XeO3 (xenon trioxide) has one xenon atom and three oxygen atoms. In the lewis structure of XeO3, there are three double bonds around the xenon atom, with three oxygen atoms attached to it. Each oxygen atom has two lone pairs, and the xenon atom has one lone pair.

Steps

Here’s how you can draw the XeO3 lewis structure step by step.

Step #1: draw sketch
Step #2: mark lone pairs
Step #3: mark charges
Step #4: minimize charges
Step #5: minimize charges again (if there are)

Let’s break down each step in detail.

#1 Draw Sketch

  • First, determine the total number of valence electrons

In the periodic table, xenon lies in group 18, and oxygen lies in group 16.

Hence, xenon has eight valence electrons and oxygen has six valence electrons.

Since XeO3 has one xenon atom and three oxygen atoms, so…

Valence electrons of one xenon atom = 8 × 1 = 8
Valence electrons of three oxygen atoms = 6 × 3 = 18

And the total valence electrons = 8 + 18 = 26

  • Second, find the total electron pairs

We have a total of 26 valence electrons. And when we divide this value by two, we get the value of total electron pairs.

Total electron pairs = total valence electrons ÷ 2

So the total electron pairs = 26 ÷ 2 = 13

  • Third, determine the central atom

We have to place the least electronegative atom at the center.

Since xenon is less electronegative than oxygen, assume that the central atom is xenon.

Therefore, place xenon in the center and oxygens on either side.
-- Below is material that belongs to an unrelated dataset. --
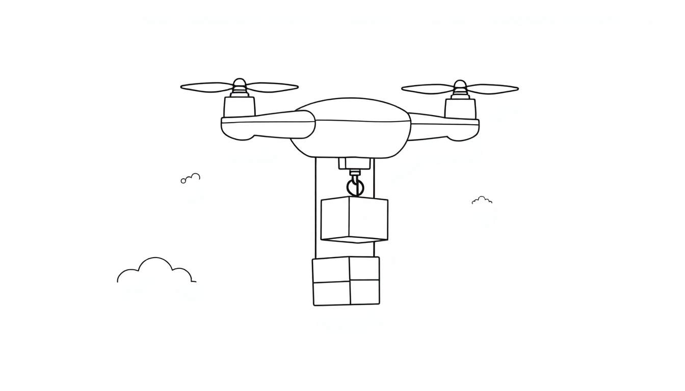 Een vrolijke kleurplaat van een futuristische drone die twee pakketjes door de lucht vervoert. Ideaal voor kinderen die houden van techniek en avontuurlijke leveringen. De eenvoudige lijntekening met zwevende wolkjes nodigt uit tot creatieve inkleuring.

  • And finally, draw the rough sketch
XeO3 Lewis Structure (Step 1)

#2 Mark Lone Pairs

Here, we have a total of 13 electron pairs. And three Xe — O bonds are already marked. So we have to only mark the remaining ten electron pairs as lone pairs on the sketch.

Also remember that xenon is a period 5 element, so it can keep more than 8 electrons in its last shell. And oxygen is a period 2 element, so it can not keep more than 8 electrons in its last shell.

Always start to mark the lone pairs from outside atoms. Here, the outside atoms are oxygens.

So for each oxygen, there are three lone pairs, and for xenon, there is one lone pair.

Mark the lone pairs on the sketch as follows:

XeO3 Lewis Structure (Step 2)

#3 Mark Charges

Use the following formula to calculate the formal charges on atoms:

Formal charge = valence electrons – nonbonding electrons – ½ bonding electrons

For xenon atom, formal charge = 8 – 2 – ½ (6) = +3

For each oxygen atom, formal charge = 6 – 6 – ½ (2) = -1

Here, both xenon and oxygen atoms have charges, so mark them on the sketch as follows:

XeO3 Lewis Structure (Step 3)

The above structure is not a stable lewis structure because both xenon and oxygen atoms have charges. Therefore, reduce the charges (as below) by converting lone pairs to bonds.

#4 Minimize Charges

Convert a lone pair of the oxygen atom to make a new Xe — O bond with the xenon atom as follows:

XeO3 Lewis Structure (Step 4)

#5 Minimize Charges Again

Since there are charges on xenon and oxygen atoms, again convert a lone pair of the oxygen atom to make a new Xe — O bond with the xenon atom as follows:

XeO3 Lewis Structure (Step 5)

#6 Minimize Charges Again

There are still charges on xenon and oxygen atoms, so again convert a lone pair of the oxygen atom to make a new Xe — O bond with the xenon atom as follows:

XeO3 Lewis Structure (Step 6)

In the above structure, you can see that the central atom (xenon) forms an octet. Hence, the octet rule is satisfied.

Also, the above structure is more stable than the previous structures. Therefore, this structure is the stable lewis structure of XeO3.